# HOW TO COMPLETE THIS TASK:
Look below for the line that has "Spacious Kitchen Outfitted"; output exactly from it through the line that has "#2512側寬線直腿牛仔褲", and leave the pictures out.

# SOURCE RECORDS:
--------------------

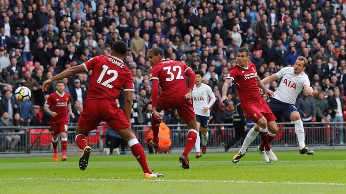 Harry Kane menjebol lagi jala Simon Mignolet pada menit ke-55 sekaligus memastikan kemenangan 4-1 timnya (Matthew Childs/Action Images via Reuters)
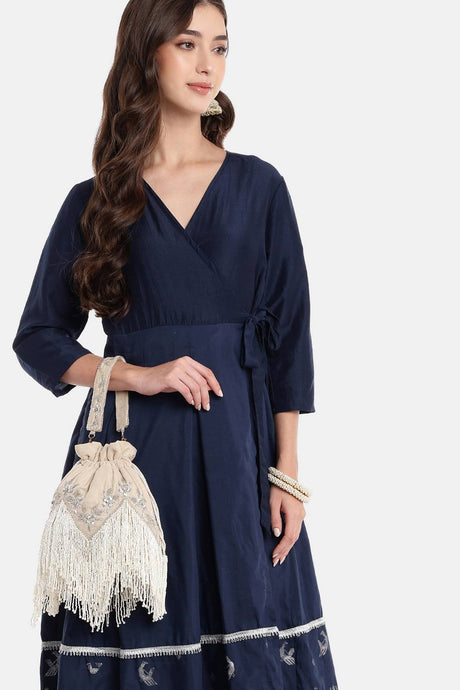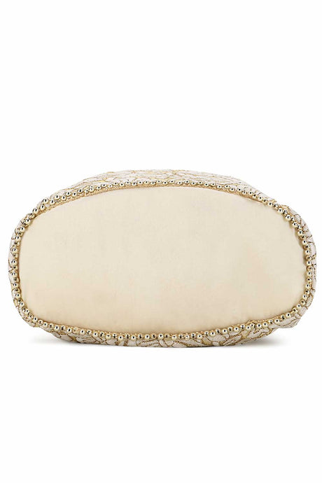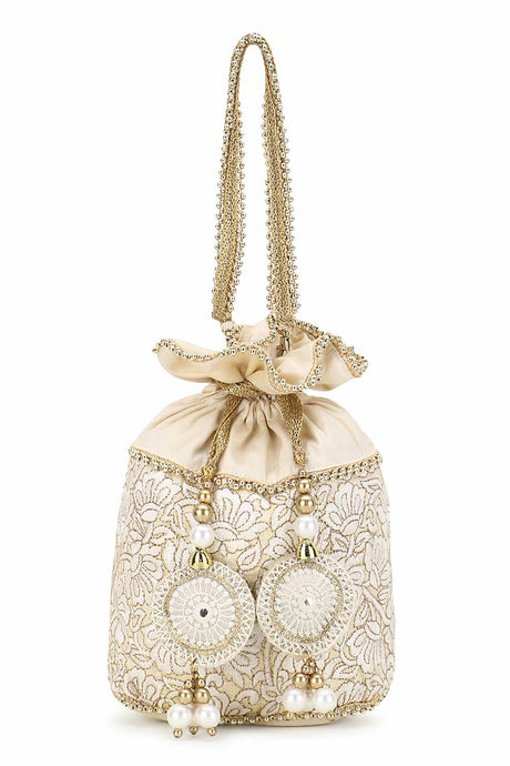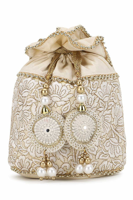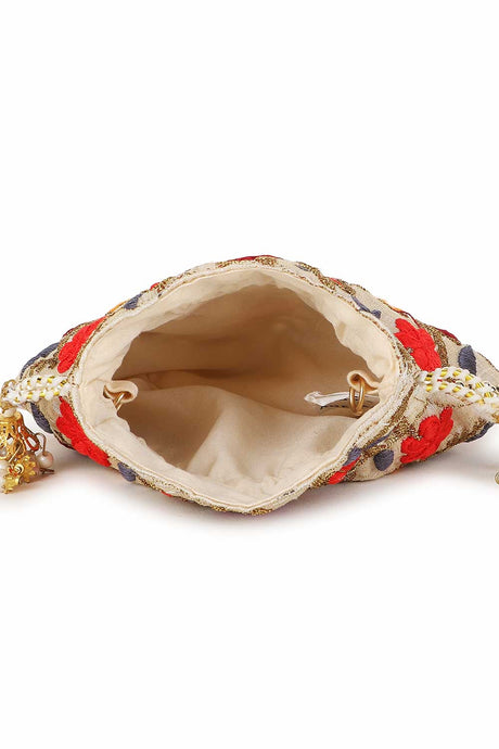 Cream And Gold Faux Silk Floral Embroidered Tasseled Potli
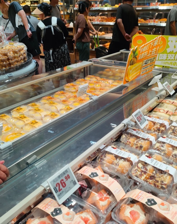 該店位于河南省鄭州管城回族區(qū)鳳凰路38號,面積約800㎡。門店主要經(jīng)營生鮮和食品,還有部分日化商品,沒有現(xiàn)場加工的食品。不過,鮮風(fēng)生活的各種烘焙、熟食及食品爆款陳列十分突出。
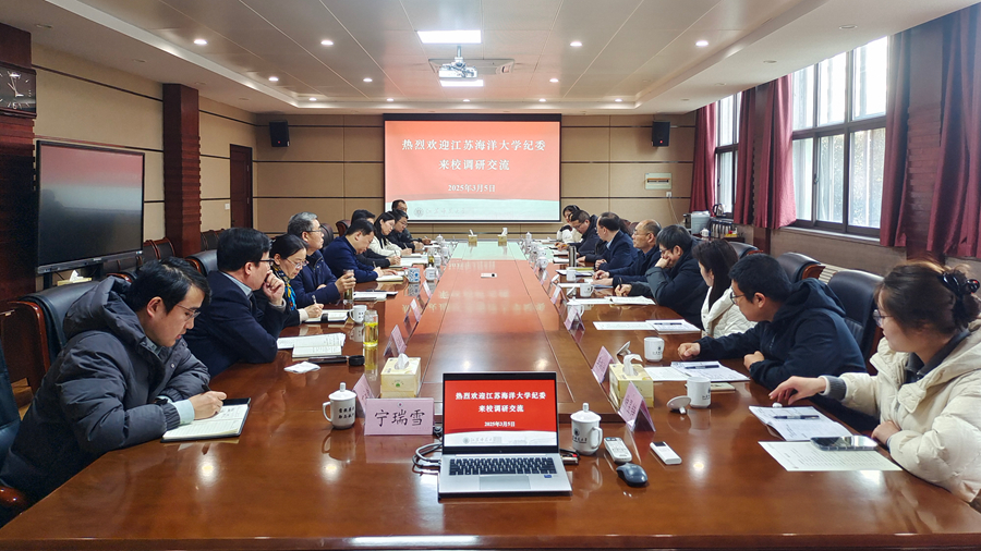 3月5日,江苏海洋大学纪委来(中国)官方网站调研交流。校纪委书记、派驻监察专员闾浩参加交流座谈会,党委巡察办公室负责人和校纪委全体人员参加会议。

--------------------

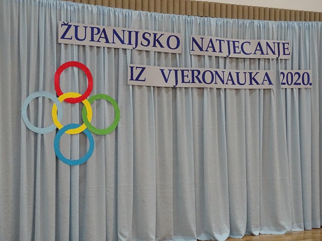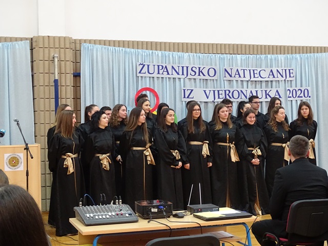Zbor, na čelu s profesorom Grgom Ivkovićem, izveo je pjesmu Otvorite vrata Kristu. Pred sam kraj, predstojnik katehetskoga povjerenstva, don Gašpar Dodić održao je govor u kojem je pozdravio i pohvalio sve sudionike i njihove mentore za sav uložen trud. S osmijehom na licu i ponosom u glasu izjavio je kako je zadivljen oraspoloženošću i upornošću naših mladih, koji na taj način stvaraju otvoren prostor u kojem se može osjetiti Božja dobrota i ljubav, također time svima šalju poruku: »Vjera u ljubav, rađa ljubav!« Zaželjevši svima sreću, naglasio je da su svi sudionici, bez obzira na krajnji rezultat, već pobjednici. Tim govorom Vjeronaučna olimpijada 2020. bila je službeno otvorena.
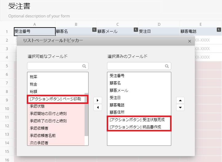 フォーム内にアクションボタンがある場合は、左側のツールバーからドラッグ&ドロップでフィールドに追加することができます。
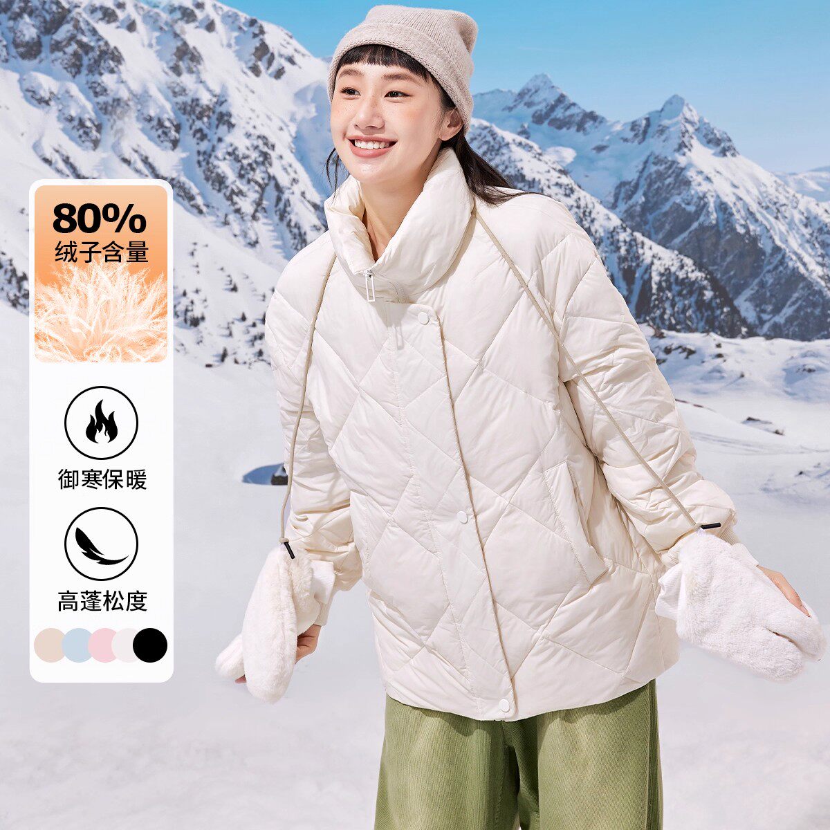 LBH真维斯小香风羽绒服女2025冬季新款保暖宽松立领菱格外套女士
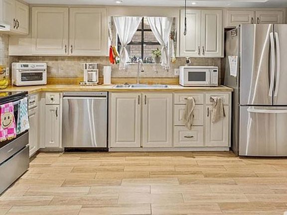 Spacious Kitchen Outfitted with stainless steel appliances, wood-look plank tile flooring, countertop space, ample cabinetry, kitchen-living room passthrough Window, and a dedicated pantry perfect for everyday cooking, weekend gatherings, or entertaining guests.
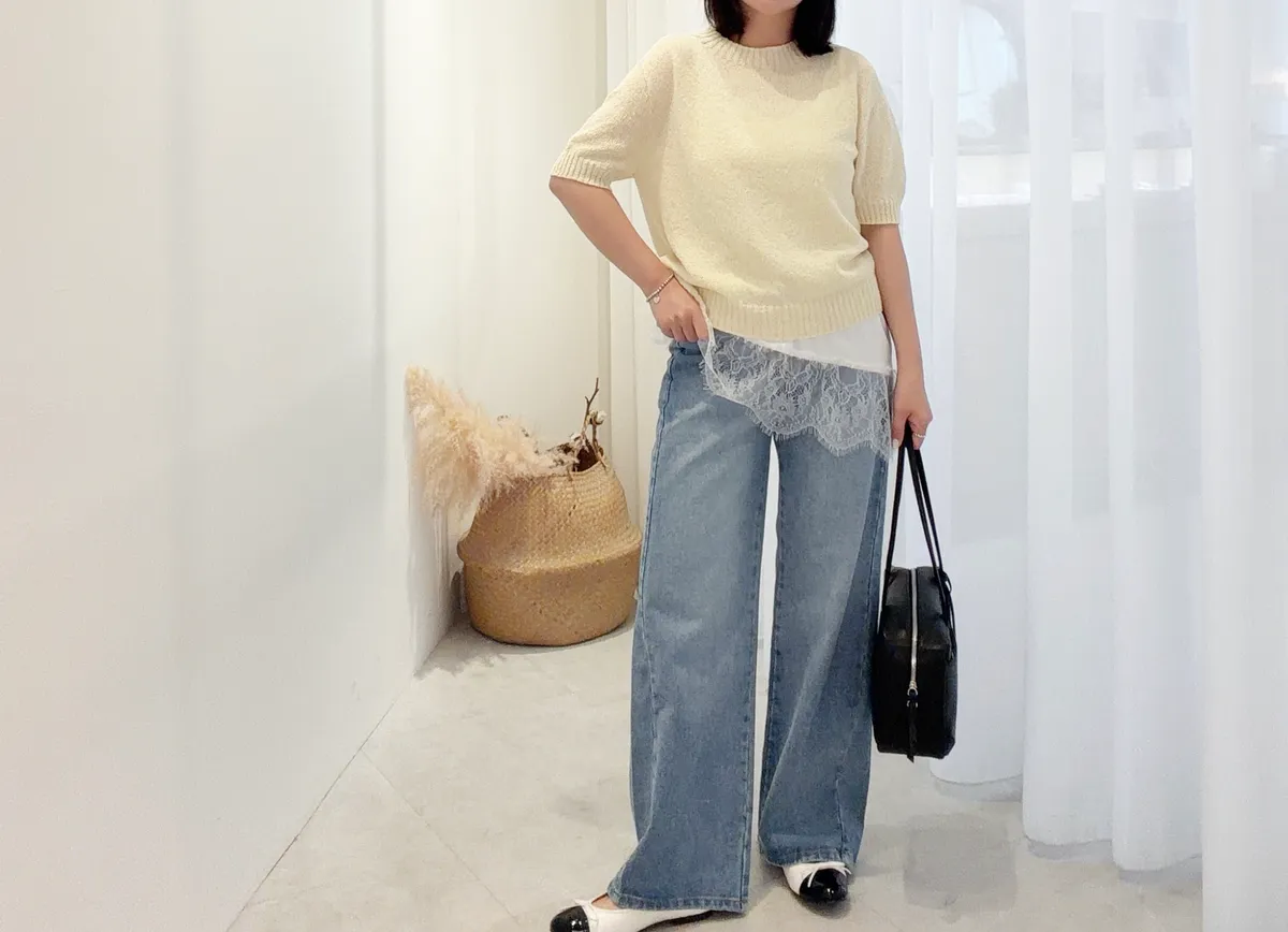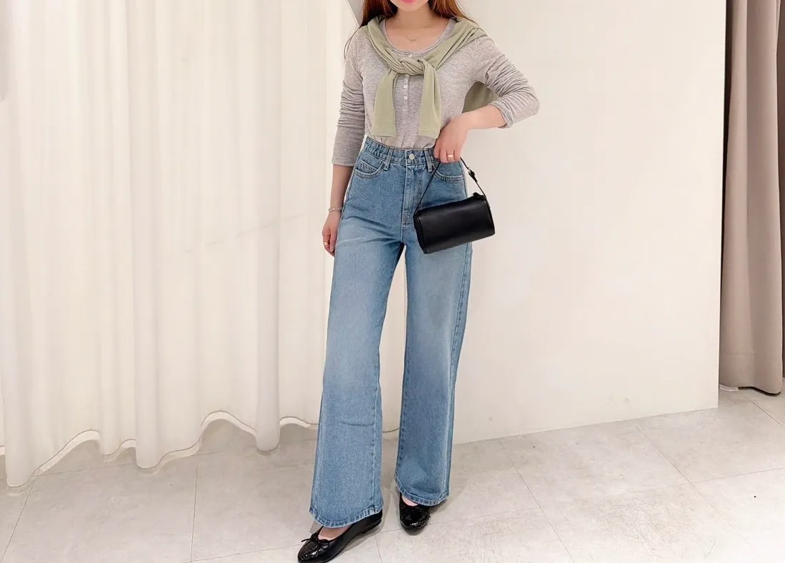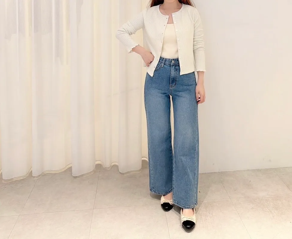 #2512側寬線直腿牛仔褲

--------------------

# ANSWER BOX:
 Spacious Kitchen Outfitted with stainless steel appliances, wood-look plank tile flooring, countertop space, ample cabinetry, kitchen-living room passthrough Window, and a dedicated pantry perfect for everyday cooking, weekend gatherings, or entertaining guests.
 #2512側寬線直腿牛仔褲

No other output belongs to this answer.